A ja mam dzisiaj gości. Pawła ciocia przyjedzie na dwa dni. Miałam ochotę na lenistwo ale.... Mieszka e Niemczech i przyjeżdża raz na rok, jeszcze u nas nie była więc w powrotnej drodze spedzi u nas trochę czasu:eek:
Emisia dalej kopie mnie po szyjce i pęcherzu, więc lezy dupką w dół. Czytam o sposobacg żeby się przekręciła i próbuję, nie zaszkodzi a może się uda...
Miłego dnia:-):-)
 
Wisieńko Hej Kochana :** oby przeszedł bo się wykończe :-( Z ciotką dasz rade :-) Jestem ciekawa jak moja maluda :-) Danuśka Maqnio to żeście pojadły w te święta :-D
 
Ostatnia edycja:
maqnio na szczęśie tylko poranny standardzik przezyłam, ale teraz po snaidaniu już dobrze. Skurczy wczoraj było więcej bo jednak na półleżąco ale podróż. Dziś spokojnie:tak:Co do gości to nie sa groźni tylko meczący, ciotka gaduła a jej syn(dorosły) wychowany od małego w Niemczech mało mówi po Pl więc pewnie będzie milczeć. Mi się po prostu już nie chce gości ani mnie w gościach. Ja bym poleżałą w ciszy z ksiązka na kanapce... Ale te dwa dni musze przepekac
 
Cześć dziewczęta moje kochane :-)

Ja dziś miałam straszną noc... wstawałam chyba z 7 razy, Mała tak się kręciła, że nie było szansy ułożyć sie wygodnie i zasnąć. Do tego oczywiście pobudki na siku i tak w kółko. :crazy: Cieszę sie czywiście z jej aktywności, ale dlaczego w nocy? W dzień jest mega spokojna, a potem szaleje :-D
Dzisiaj mam pierwsze zajęcia z SR, już się nie mogę doczekać :-)

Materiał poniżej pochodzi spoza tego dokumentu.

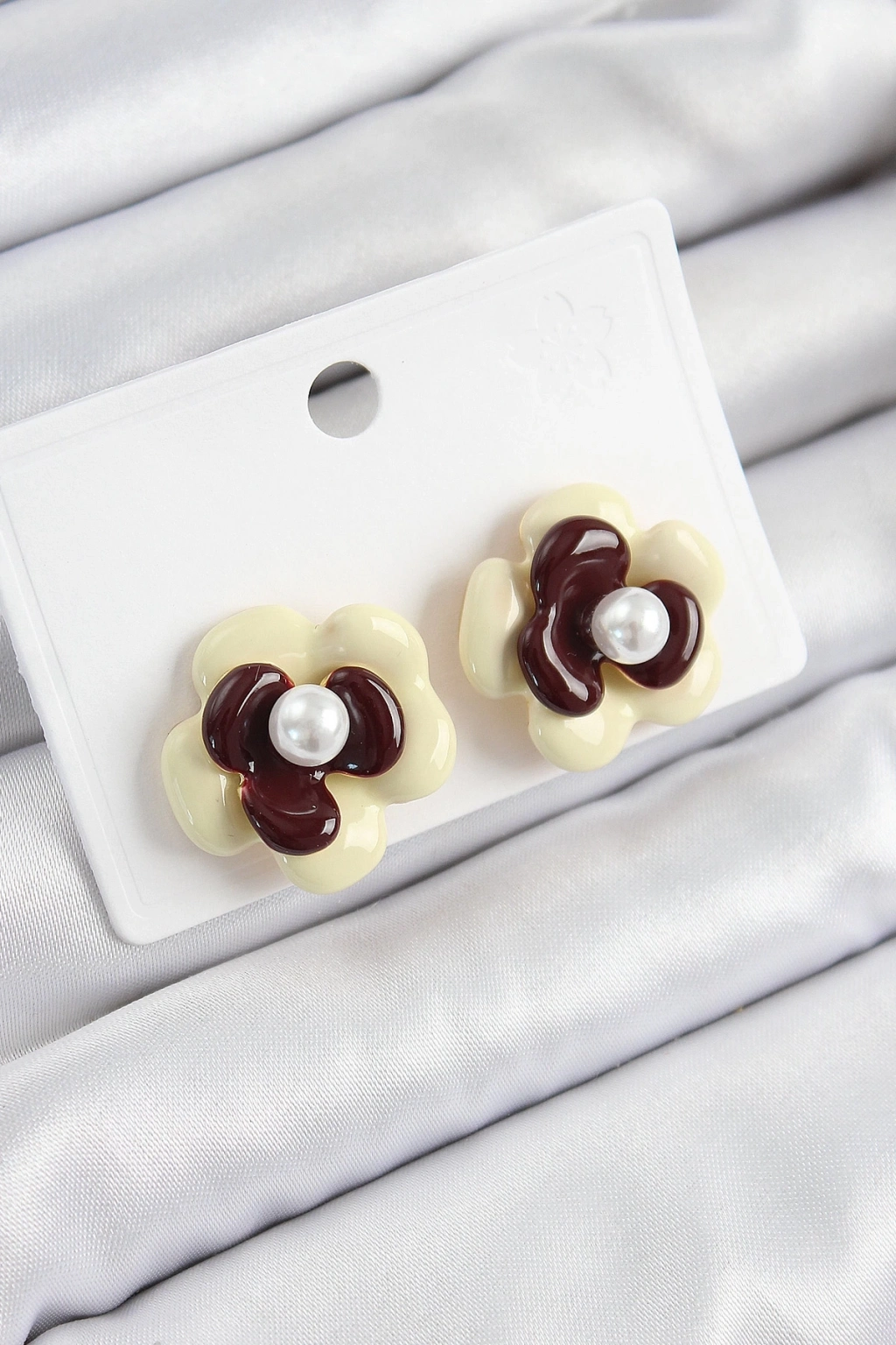 ® İnci Detaylı Krem Kahverengi Renk Papatya Model Kadın Küpe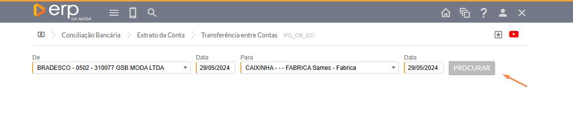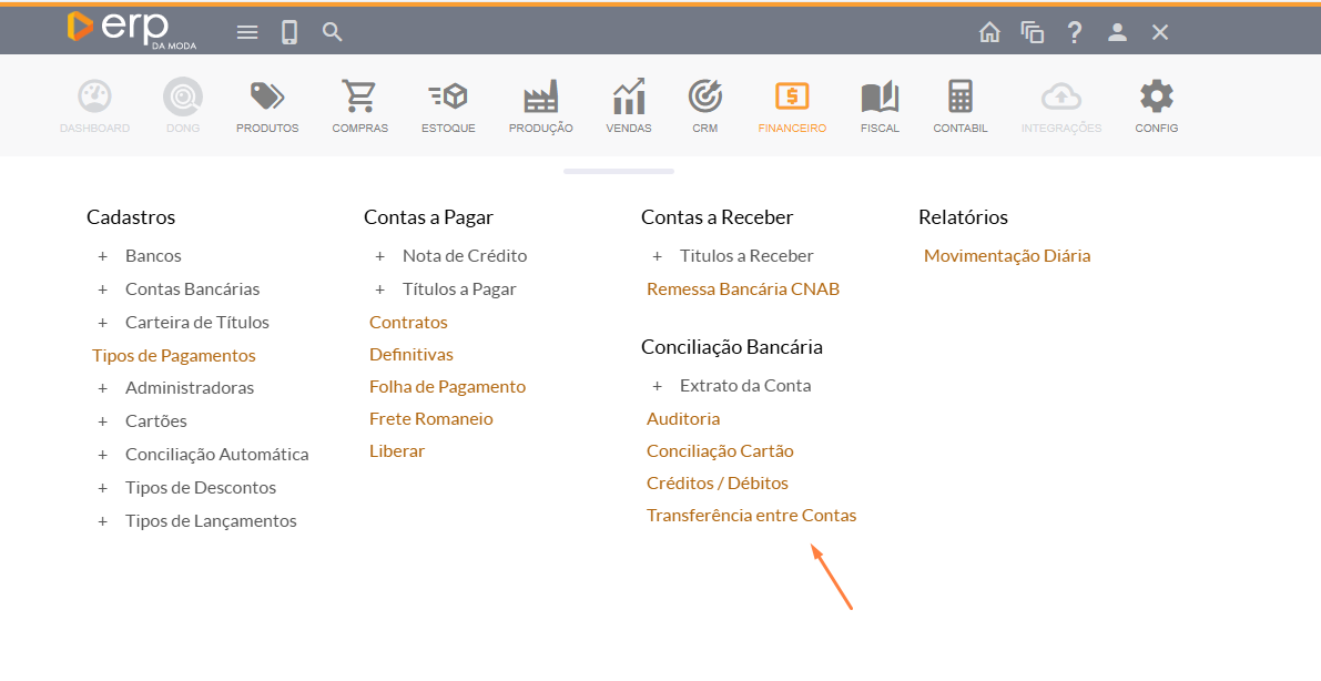 - Para fazer a conciliação de uma transferência de contas, você deverá ir em Financeiro > Conciliação Bancária > Transferência entre Contas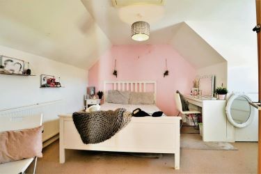 Rear facing UPVC double glazed window, fully fitted wardrobes and holds a wall mounted radiator.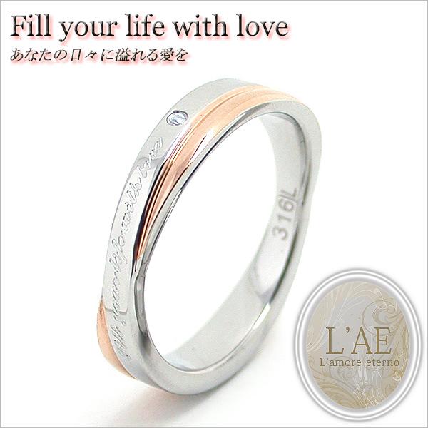リング レーザー刻印無料 ステンレス サージカルステンレス メッセージリング 結婚指輪 マリッジ マリッジリング ペア リング ピンク ローズゴールド 名入れ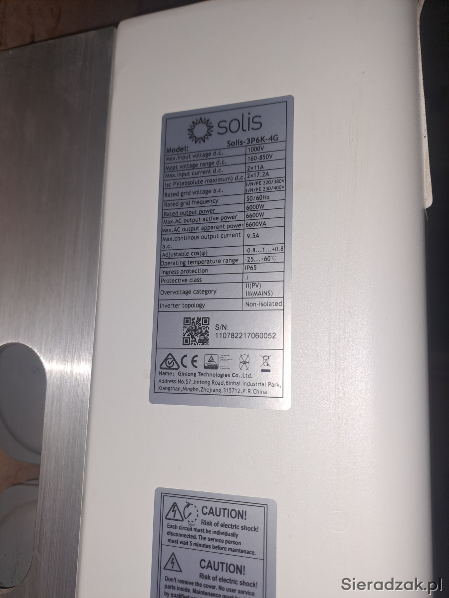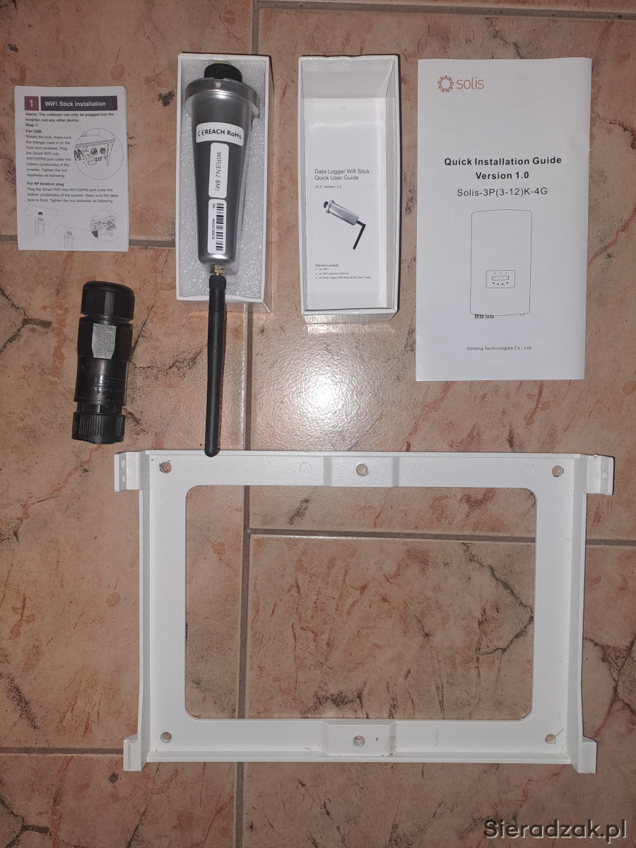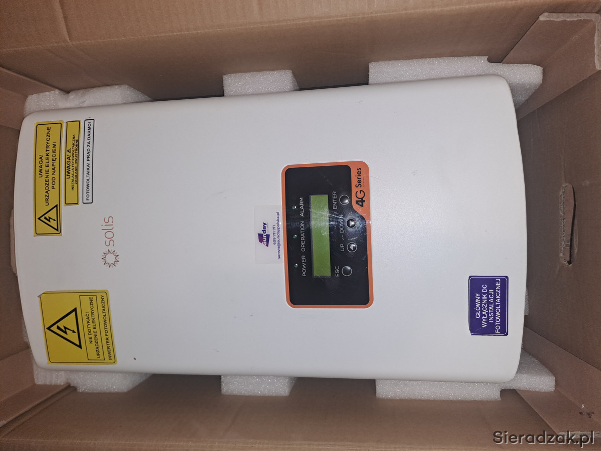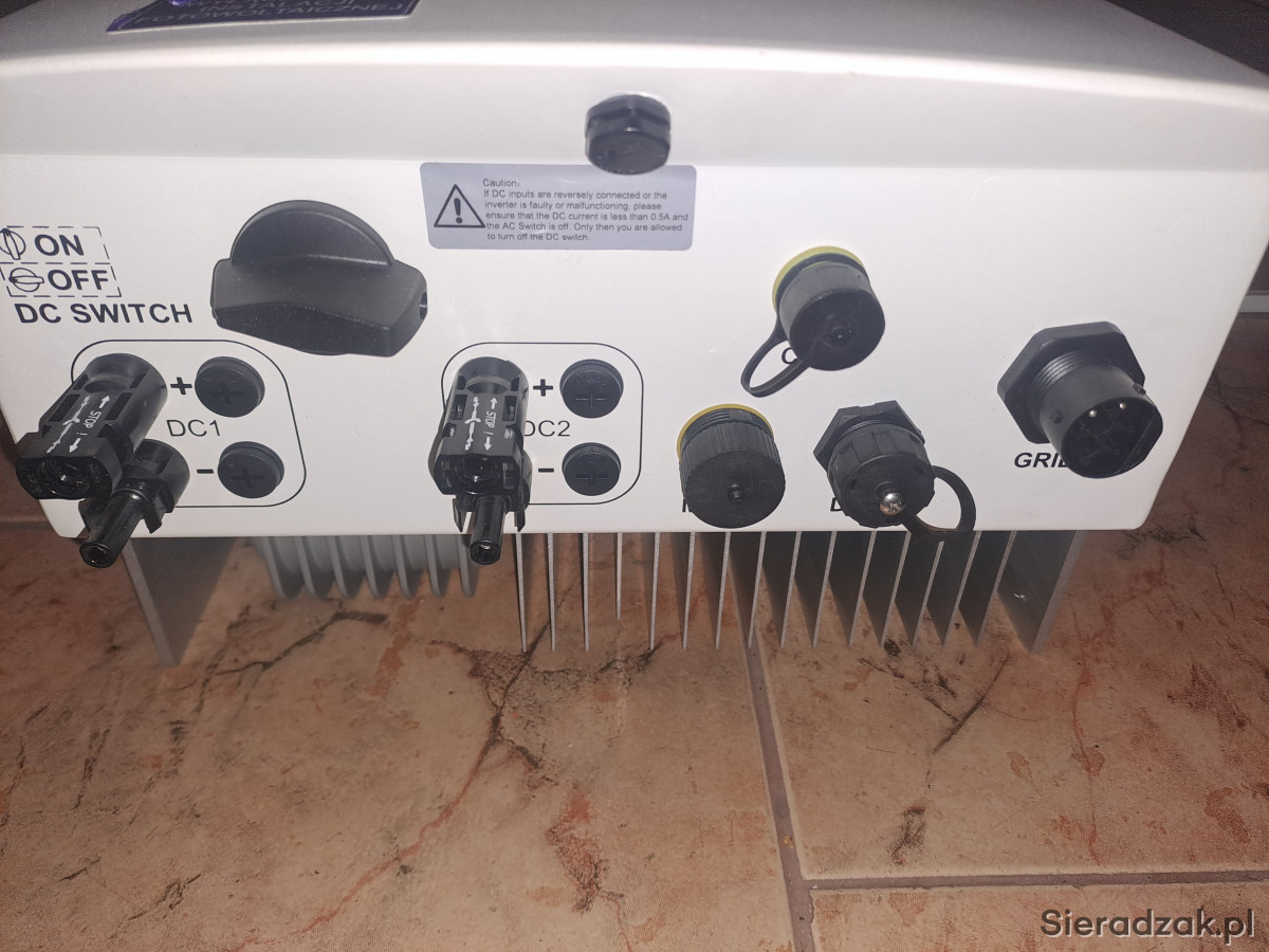 Falownik użytkowany około 2 lat zamontowany był w garażu, w bardzo dobrym stanie, kompletny z pudełkiem, mocowaniami, złączem itd. wszystko to co na zdjęciach. Odbiór osobisty lub wysyłka.

Weronika, kurcze Ty uważaj kochana, może przenieś sobie niżej kosmetyki przed kąpielą żebyś nie musiała już takich akrobacji wykonywać. Jak Waldi się rusza to na pewno nawet nie zauważył, że coś się stało. :tak:
Corin, z tego co mówisz to teściowa rzeczywiście już sobie sama nie poradzi, a nawet sobie nie zdaje z tego sprawy. Dobrze, że ma rodzinę która się nią zaopiekuje. Takie decyzje nie są łatwe ale chyba najlepsze.
Sesti, ale numer, dobrze, że sąsiadka ubezpieczona :)
Psotka, oby tak dalej i do lipca :-) Kurka trochę mnie wystraszyłaś z tym wypychaniem, ja mam tak co najmniej 10 razy dziennie, ale byłam pewna, że to dupcia się wypina. Jest to trochę nieprzyjemne ale nie bolesne. W piątek mam wizytę to się wypytam kiedy to się robi groźne.

Wszystkie tulę i pozdrawiam na ten kolejny słoneczny dzionek :-):-):-):-)

No i właśnie dziewczyny co się dzieje z ORCHI?